▶ Exercise aim
Take the lines below beginning at the line that has "Škrabací karton VALENTINE" and stopping after the line that has "7pcs Dining Set", and print them exactly as they are, with no other lines.

▶ Material provided
....

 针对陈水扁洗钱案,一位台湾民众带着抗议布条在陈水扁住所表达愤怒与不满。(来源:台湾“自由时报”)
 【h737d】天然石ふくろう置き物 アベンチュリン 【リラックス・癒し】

....

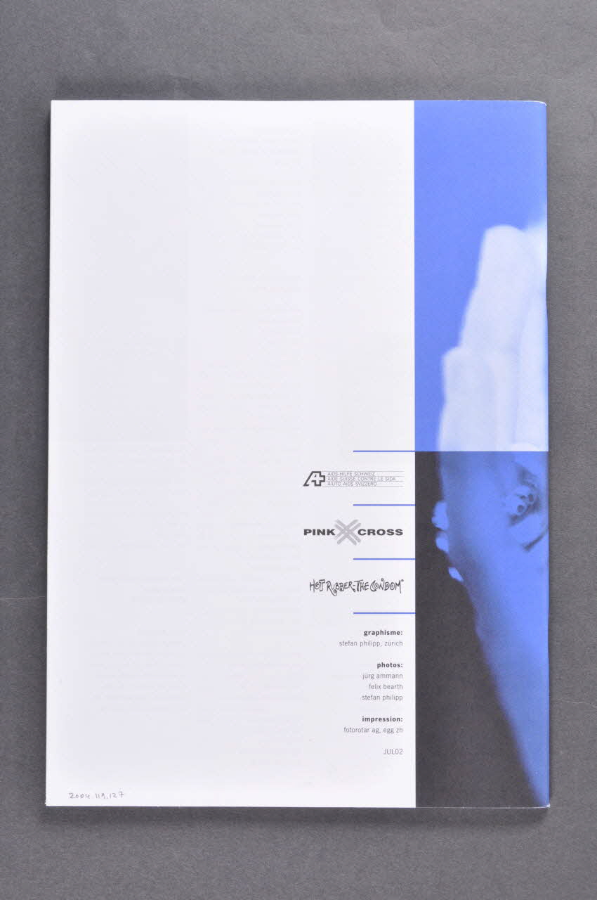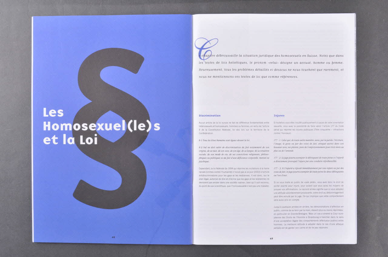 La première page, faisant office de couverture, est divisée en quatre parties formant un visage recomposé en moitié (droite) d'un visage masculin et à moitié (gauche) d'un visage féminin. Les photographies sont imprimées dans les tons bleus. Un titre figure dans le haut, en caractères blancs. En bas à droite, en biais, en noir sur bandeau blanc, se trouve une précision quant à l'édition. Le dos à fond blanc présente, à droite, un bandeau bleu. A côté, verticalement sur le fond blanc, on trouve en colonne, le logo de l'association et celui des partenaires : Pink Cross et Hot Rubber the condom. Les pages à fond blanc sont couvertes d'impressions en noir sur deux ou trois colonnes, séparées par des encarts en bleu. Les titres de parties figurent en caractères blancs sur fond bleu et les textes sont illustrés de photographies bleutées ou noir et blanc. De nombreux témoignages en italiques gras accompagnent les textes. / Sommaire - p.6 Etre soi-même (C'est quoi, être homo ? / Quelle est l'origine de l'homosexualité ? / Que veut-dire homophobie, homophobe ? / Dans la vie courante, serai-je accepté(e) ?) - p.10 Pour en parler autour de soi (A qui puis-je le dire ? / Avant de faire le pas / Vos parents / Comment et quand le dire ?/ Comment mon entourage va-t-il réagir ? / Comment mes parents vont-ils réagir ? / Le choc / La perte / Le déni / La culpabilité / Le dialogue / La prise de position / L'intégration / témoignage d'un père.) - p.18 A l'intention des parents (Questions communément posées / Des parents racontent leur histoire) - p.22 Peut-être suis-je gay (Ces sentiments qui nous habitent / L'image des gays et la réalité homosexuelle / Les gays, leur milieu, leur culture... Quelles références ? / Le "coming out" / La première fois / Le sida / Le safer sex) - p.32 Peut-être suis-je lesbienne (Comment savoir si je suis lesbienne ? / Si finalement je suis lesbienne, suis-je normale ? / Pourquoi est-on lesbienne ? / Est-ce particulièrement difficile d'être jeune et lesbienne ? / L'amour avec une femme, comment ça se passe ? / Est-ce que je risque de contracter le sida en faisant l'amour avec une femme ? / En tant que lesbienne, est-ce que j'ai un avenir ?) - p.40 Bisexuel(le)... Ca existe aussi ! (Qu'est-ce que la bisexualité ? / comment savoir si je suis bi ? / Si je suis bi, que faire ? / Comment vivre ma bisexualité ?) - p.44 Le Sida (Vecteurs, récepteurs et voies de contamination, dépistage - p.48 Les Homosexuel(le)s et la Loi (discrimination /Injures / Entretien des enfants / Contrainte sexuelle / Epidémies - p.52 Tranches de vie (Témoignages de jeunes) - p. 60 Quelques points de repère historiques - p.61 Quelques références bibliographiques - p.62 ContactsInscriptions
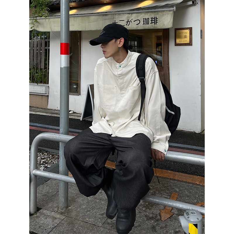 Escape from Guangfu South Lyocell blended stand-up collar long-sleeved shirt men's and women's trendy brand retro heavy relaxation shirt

....

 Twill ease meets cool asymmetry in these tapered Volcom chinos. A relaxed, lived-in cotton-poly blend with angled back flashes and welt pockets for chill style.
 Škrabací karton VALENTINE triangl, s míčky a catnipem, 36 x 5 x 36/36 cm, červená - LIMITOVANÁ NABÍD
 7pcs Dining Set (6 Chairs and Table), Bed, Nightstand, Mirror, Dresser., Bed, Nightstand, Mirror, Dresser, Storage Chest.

....

▶ Answer to this exercise
 Škrabací karton VALENTINE triangl, s míčky a catnipem, 36 x 5 x 36/36 cm, červená - LIMITOVANÁ NABÍD
 7pcs Dining Set (6 Chairs and Table), Bed, Nightstand, Mirror, Dresser., Bed, Nightstand, Mirror, Dresser, Storage Chest.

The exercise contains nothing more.